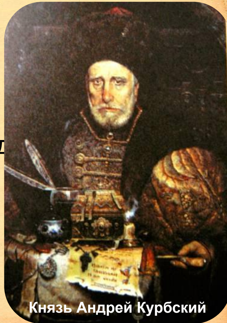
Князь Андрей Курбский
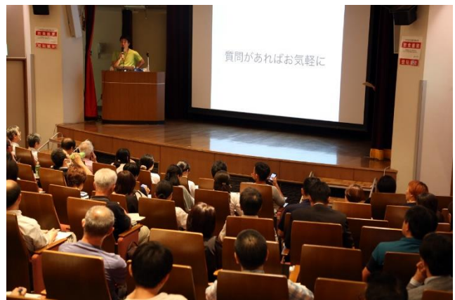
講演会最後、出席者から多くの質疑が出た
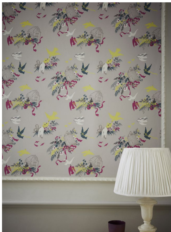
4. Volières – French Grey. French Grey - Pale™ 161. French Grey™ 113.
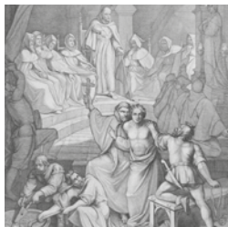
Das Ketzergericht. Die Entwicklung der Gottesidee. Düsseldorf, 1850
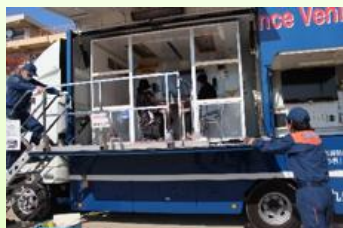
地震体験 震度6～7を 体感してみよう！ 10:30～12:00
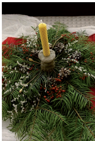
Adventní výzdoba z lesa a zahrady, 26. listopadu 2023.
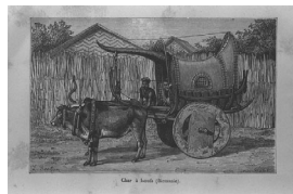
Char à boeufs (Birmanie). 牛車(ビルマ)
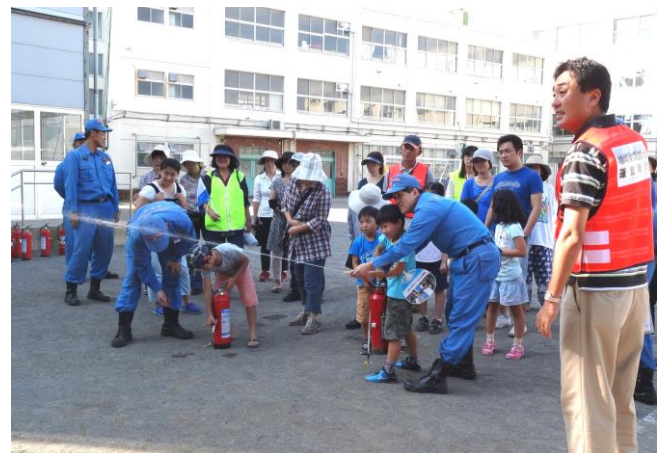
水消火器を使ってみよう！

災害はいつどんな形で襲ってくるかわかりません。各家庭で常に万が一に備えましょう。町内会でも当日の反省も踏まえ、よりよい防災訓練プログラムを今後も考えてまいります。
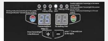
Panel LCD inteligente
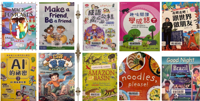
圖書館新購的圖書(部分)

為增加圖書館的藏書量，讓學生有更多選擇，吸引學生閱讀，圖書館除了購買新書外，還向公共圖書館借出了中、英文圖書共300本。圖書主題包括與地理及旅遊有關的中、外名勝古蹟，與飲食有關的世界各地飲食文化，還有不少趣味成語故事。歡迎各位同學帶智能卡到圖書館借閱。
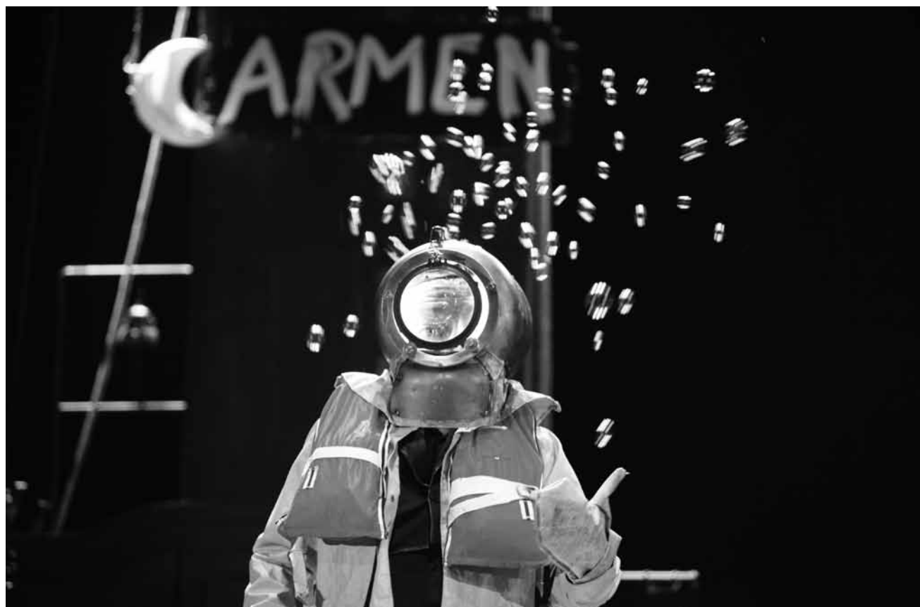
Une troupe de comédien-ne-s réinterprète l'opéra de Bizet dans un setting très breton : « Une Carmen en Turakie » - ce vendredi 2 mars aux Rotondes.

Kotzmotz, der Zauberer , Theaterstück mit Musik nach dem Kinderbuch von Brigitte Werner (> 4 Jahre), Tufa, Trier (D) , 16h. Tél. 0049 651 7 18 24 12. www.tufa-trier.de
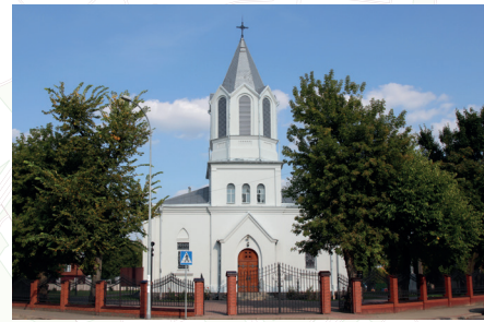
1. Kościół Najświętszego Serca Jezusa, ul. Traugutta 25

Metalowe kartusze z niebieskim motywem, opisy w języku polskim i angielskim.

Task directions
Without including any picture, set down every line above exactly as it stands.

Written solution
Князь Андрей Курбский
講演会最後、出席者から多くの質疑が出た
4. Volières – French Grey. French Grey - Pale™ 161. French Grey™ 113.
Das Ketzergericht. Die Entwicklung der Gottesidee. Düsseldorf, 1850
地震体験 震度6～7を 体感してみよう！ 10:30～12:00
Adventní výzdoba z lesa a zahrady, 26. listopadu 2023.
Char à boeufs (Birmanie). 牛車(ビルマ)
水消火器を使ってみよう！

災害はいつどんな形で襲ってくるかわかりません。各家庭で常に万が一に備えましょう。町内会でも当日の反省も踏まえ、よりよい防災訓練プログラムを今後も考えてまいります。
Panel LCD inteligente
圖書館新購的圖書(部分)

為增加圖書館的藏書量，讓學生有更多選擇，吸引學生閱讀，圖書館除了購買新書外，還向公共圖書館借出了中、英文圖書共300本。圖書主題包括與地理及旅遊有關的中、外名勝古蹟，與飲食有關的世界各地飲食文化，還有不少趣味成語故事。歡迎各位同學帶智能卡到圖書館借閱。
Une troupe de comédien-ne-s réinterprète l'opéra de Bizet dans un setting très breton : « Une Carmen en Turakie » - ce vendredi 2 mars aux Rotondes.

Kotzmotz, der Zauberer , Theaterstück mit Musik nach dem Kinderbuch von Brigitte Werner (> 4 Jahre), Tufa, Trier (D) , 16h. Tél. 0049 651 7 18 24 12. www.tufa-trier.de
1. Kościół Najświętszego Serca Jezusa, ul. Traugutta 25

Metalowe kartusze z niebieskim motywem, opisy w języku polskim i angielskim.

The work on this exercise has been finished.